__WORK ORDER__:
With the images removed, write out each record exactly as given.

__ENTRIES PROVIDED__:
========
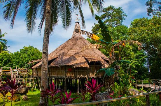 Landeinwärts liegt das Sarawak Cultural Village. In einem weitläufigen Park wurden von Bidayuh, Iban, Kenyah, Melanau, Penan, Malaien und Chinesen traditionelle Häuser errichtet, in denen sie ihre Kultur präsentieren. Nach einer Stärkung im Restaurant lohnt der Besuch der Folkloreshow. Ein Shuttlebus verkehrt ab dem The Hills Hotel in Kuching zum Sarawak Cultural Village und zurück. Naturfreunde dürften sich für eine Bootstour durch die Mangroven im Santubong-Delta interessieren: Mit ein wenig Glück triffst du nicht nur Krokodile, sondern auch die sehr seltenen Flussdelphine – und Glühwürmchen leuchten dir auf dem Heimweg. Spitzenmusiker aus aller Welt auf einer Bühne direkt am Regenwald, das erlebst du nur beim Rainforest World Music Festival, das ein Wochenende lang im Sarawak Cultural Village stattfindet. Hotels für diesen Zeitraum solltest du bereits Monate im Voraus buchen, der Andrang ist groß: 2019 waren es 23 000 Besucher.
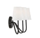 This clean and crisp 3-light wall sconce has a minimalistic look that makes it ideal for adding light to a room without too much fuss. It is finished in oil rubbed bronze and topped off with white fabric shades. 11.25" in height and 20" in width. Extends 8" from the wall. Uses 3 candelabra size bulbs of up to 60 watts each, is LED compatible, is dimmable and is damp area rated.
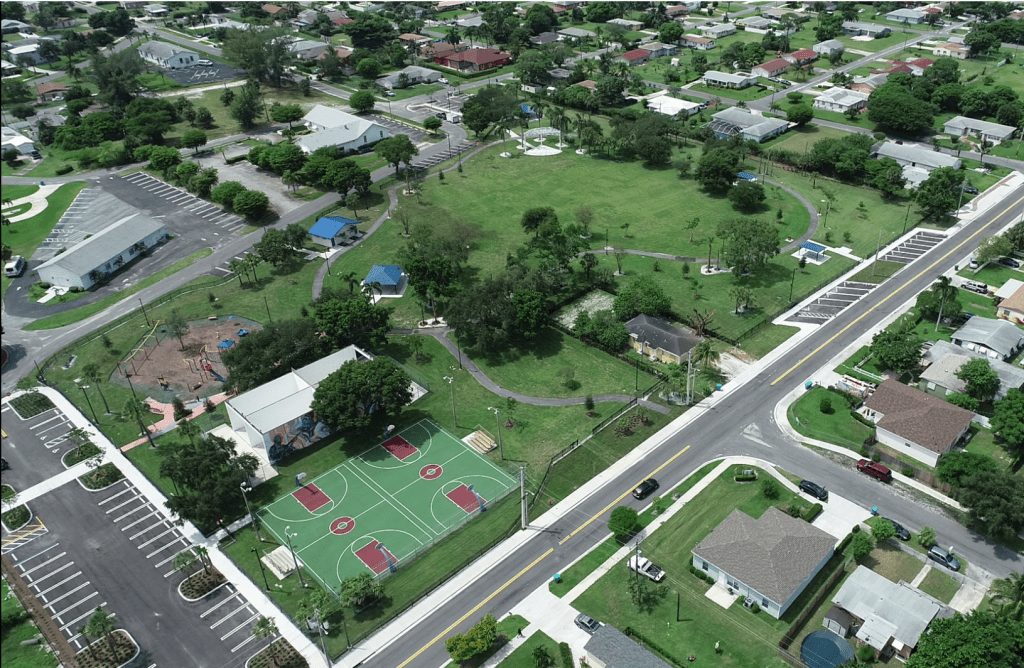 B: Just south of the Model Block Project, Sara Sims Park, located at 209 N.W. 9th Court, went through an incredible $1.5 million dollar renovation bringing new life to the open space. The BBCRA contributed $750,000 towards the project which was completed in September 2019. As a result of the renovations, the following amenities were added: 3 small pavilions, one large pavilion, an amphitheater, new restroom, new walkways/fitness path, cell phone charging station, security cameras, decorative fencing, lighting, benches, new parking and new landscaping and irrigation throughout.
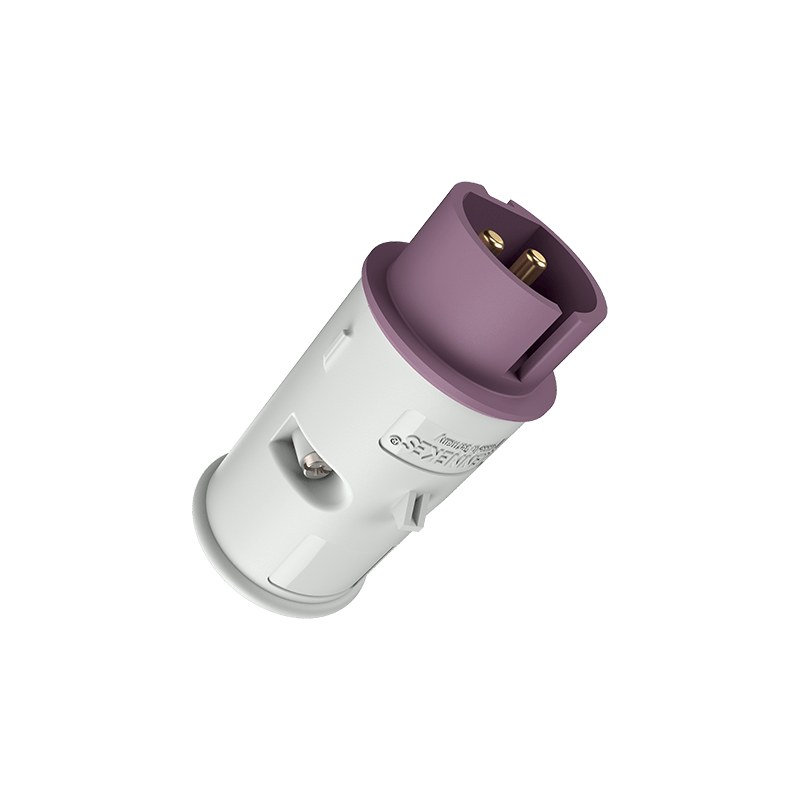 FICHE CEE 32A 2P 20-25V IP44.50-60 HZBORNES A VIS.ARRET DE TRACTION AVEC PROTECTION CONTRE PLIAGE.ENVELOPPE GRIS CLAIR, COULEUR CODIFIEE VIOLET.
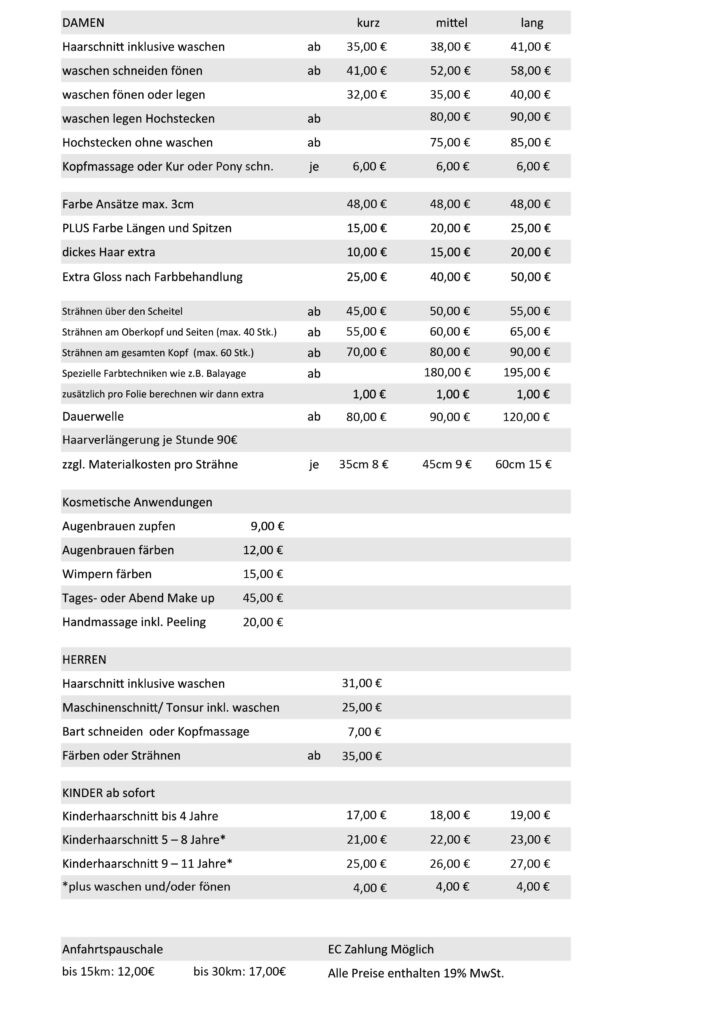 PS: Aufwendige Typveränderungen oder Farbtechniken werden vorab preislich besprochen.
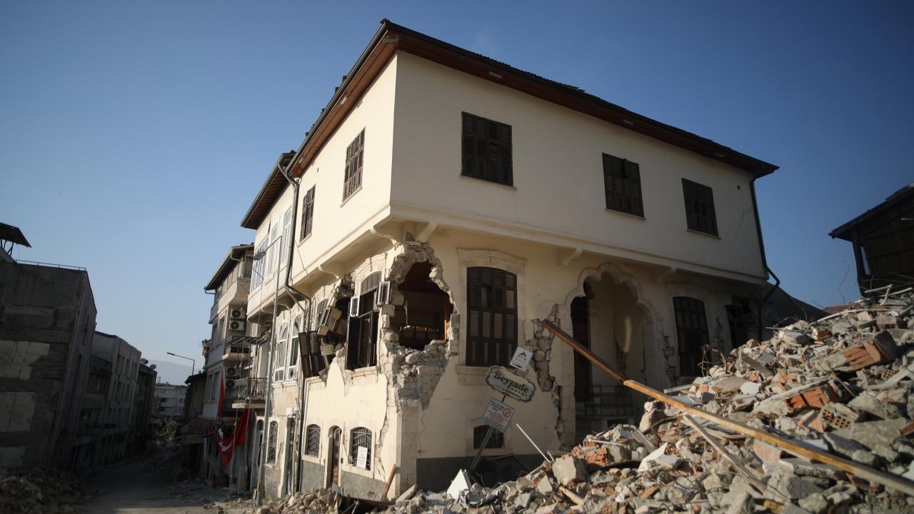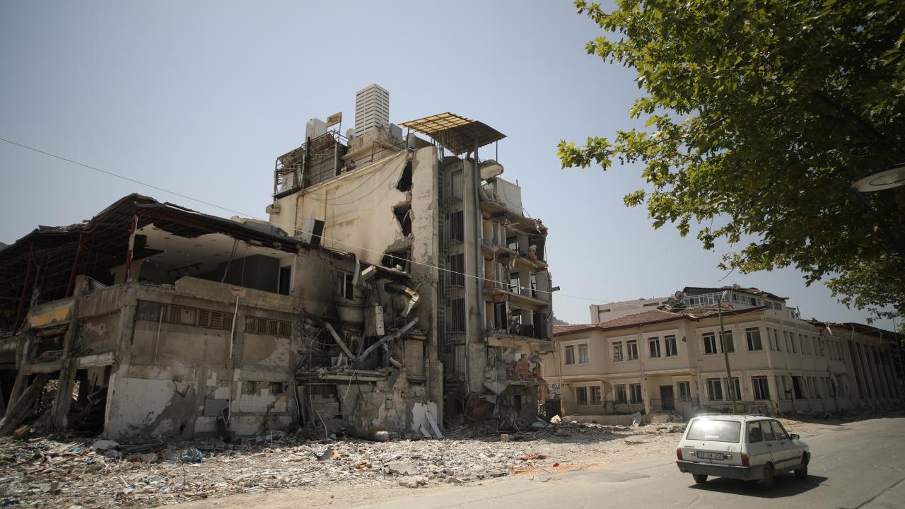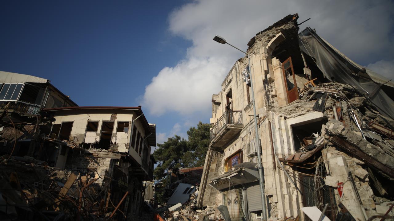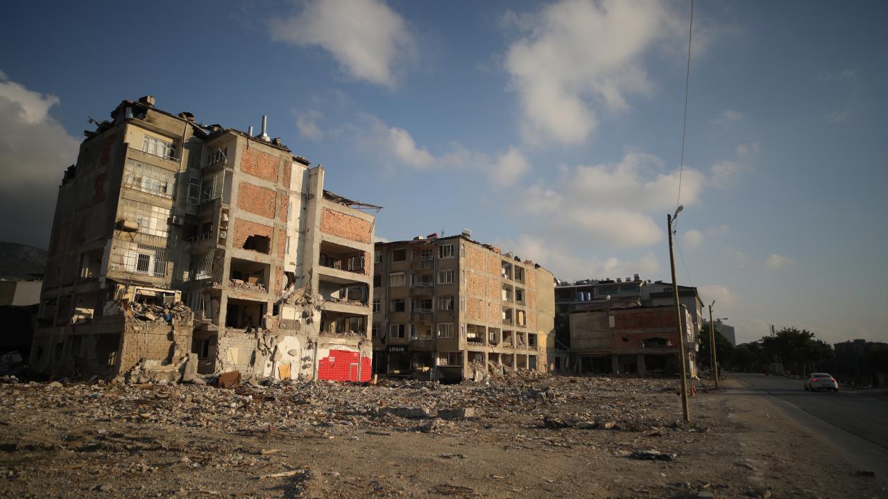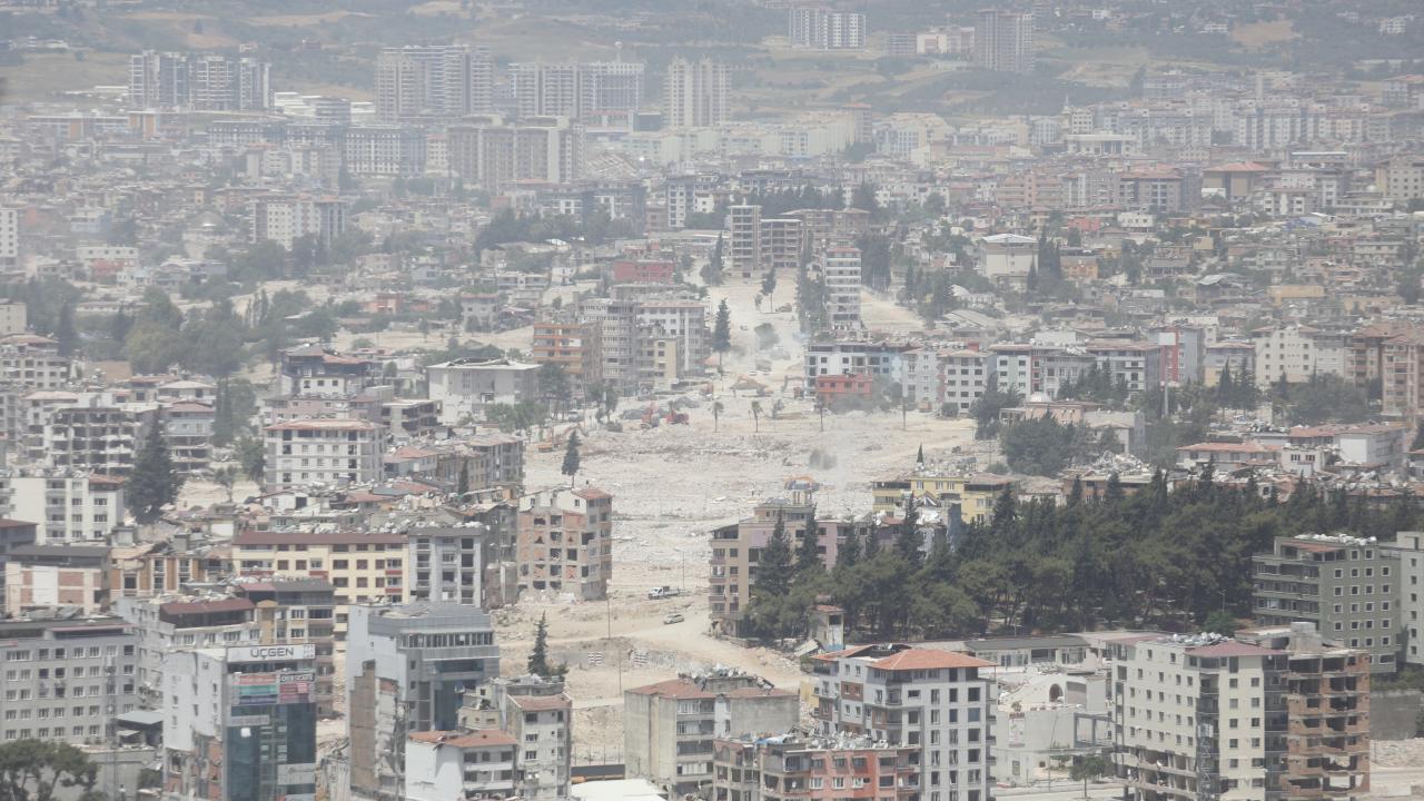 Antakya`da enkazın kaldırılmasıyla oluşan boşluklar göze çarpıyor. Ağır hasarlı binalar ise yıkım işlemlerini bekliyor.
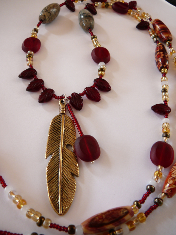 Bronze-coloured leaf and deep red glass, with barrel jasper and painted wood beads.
========
__SOLUTION TO THIS TASK__:
 Landeinwärts liegt das Sarawak Cultural Village. In einem weitläufigen Park wurden von Bidayuh, Iban, Kenyah, Melanau, Penan, Malaien und Chinesen traditionelle Häuser errichtet, in denen sie ihre Kultur präsentieren. Nach einer Stärkung im Restaurant lohnt der Besuch der Folkloreshow. Ein Shuttlebus verkehrt ab dem The Hills Hotel in Kuching zum Sarawak Cultural Village und zurück. Naturfreunde dürften sich für eine Bootstour durch die Mangroven im Santubong-Delta interessieren: Mit ein wenig Glück triffst du nicht nur Krokodile, sondern auch die sehr seltenen Flussdelphine – und Glühwürmchen leuchten dir auf dem Heimweg. Spitzenmusiker aus aller Welt auf einer Bühne direkt am Regenwald, das erlebst du nur beim Rainforest World Music Festival, das ein Wochenende lang im Sarawak Cultural Village stattfindet. Hotels für diesen Zeitraum solltest du bereits Monate im Voraus buchen, der Andrang ist groß: 2019 waren es 23 000 Besucher.
 This clean and crisp 3-light wall sconce has a minimalistic look that makes it ideal for adding light to a room without too much fuss. It is finished in oil rubbed bronze and topped off with white fabric shades. 11.25" in height and 20" in width. Extends 8" from the wall. Uses 3 candelabra size bulbs of up to 60 watts each, is LED compatible, is dimmable and is damp area rated.
 B: Just south of the Model Block Project, Sara Sims Park, located at 209 N.W. 9th Court, went through an incredible $1.5 million dollar renovation bringing new life to the open space. The BBCRA contributed $750,000 towards the project which was completed in September 2019. As a result of the renovations, the following amenities were added: 3 small pavilions, one large pavilion, an amphitheater, new restroom, new walkways/fitness path, cell phone charging station, security cameras, decorative fencing, lighting, benches, new parking and new landscaping and irrigation throughout.
 FICHE CEE 32A 2P 20-25V IP44.50-60 HZBORNES A VIS.ARRET DE TRACTION AVEC PROTECTION CONTRE PLIAGE.ENVELOPPE GRIS CLAIR, COULEUR CODIFIEE VIOLET.
 PS: Aufwendige Typveränderungen oder Farbtechniken werden vorab preislich besprochen.
 Antakya`da enkazın kaldırılmasıyla oluşan boşluklar göze çarpıyor. Ağır hasarlı binalar ise yıkım işlemlerini bekliyor.
 Bronze-coloured leaf and deep red glass, with barrel jasper and painted wood beads.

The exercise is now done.